#### DATA FOR THE TASK:

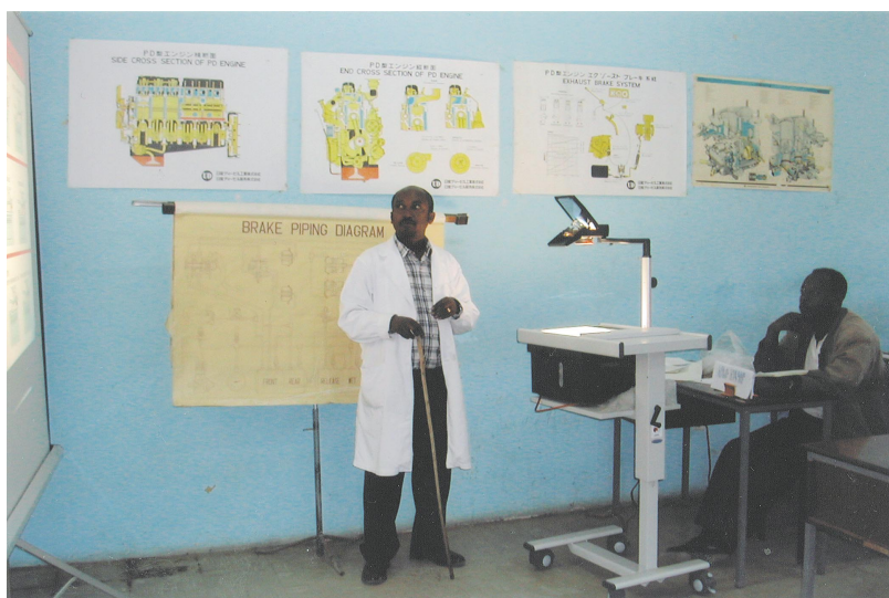
整備訓練コース講義状況
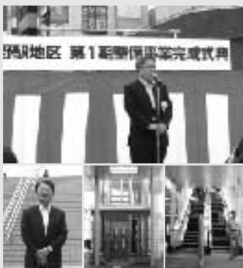
中野駅北口に架かる歩道橋(東西連絡路)の中野区主催の開設式典が歩道橋上で行われた。この歩道橋は中野通りを横断するもので、エレベーター、エスカレーターも設置されている。当日私も区議として参加した(7月1日)
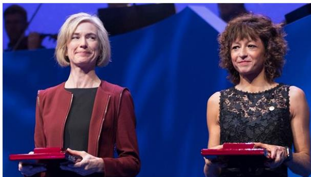
Charpentier y Doudna, al recibir el premio.
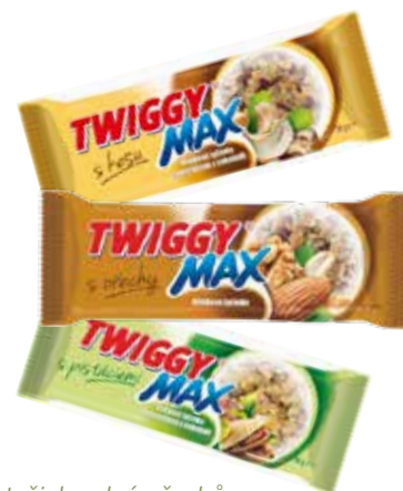
tyčinky plné ořechů
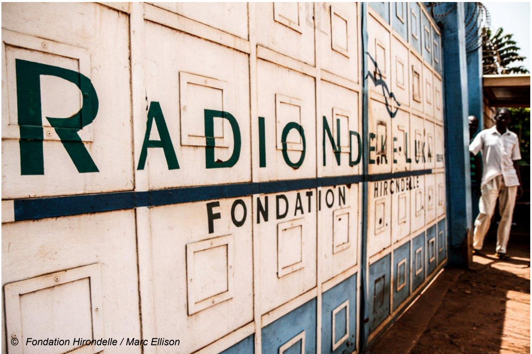
Radio Ndeke Luka, Bangui.
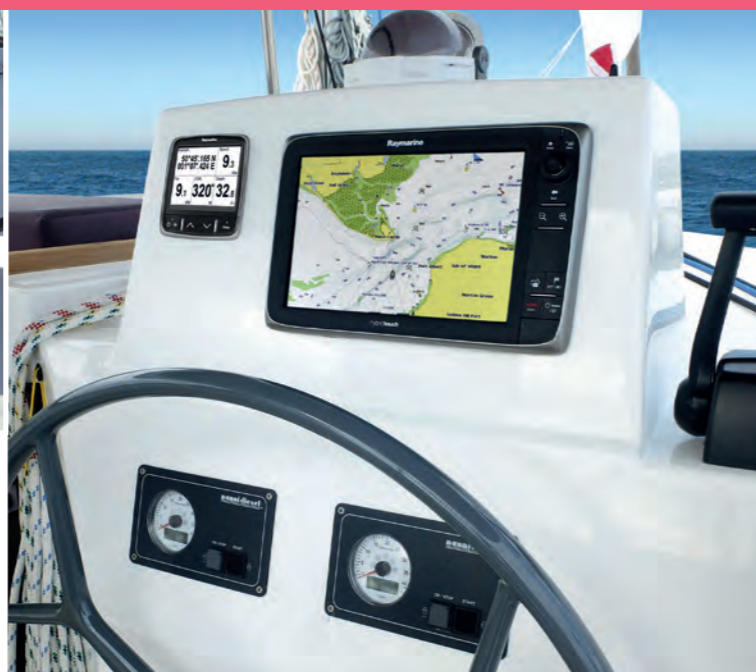
3 Full electronic equipment - composite steering wheel Electronique complète - Barre composite
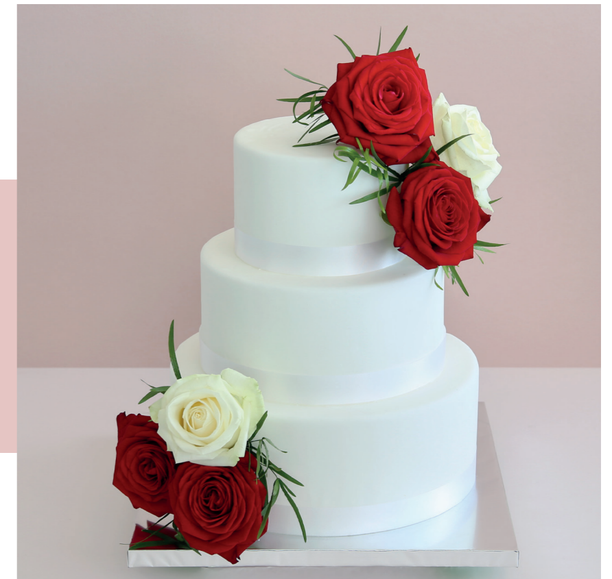
Décor en pâte à sucre et fleurs fraîches.
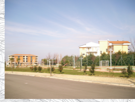
Concentrazione di Persone/Attività:Media
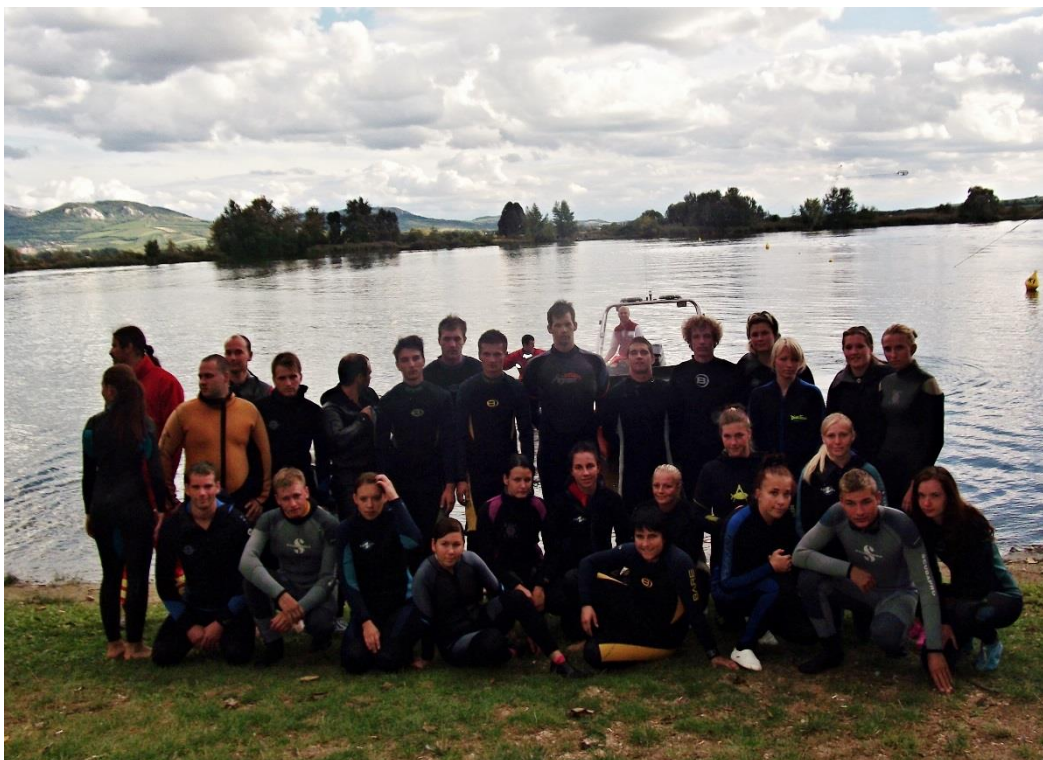
Studenti oboru vzdělání DZZ 2. na Kurzu vodní záchranné služby na Pálavě

#### THE PROBLEM:
Please return each line of the listing exactly as written, excluding the images.

#### SOLUTION:
整備訓練コース講義状況
中野駅北口に架かる歩道橋(東西連絡路)の中野区主催の開設式典が歩道橋上で行われた。この歩道橋は中野通りを横断するもので、エレベーター、エスカレーターも設置されている。当日私も区議として参加した(7月1日)
Charpentier y Doudna, al recibir el premio.
tyčinky plné ořechů
Radio Ndeke Luka, Bangui.
3 Full electronic equipment - composite steering wheel Electronique complète - Barre composite
Décor en pâte à sucre et fleurs fraîches.
Concentrazione di Persone/Attività:Media
Studenti oboru vzdělání DZZ 2. na Kurzu vodní záchranné služby na Pálavě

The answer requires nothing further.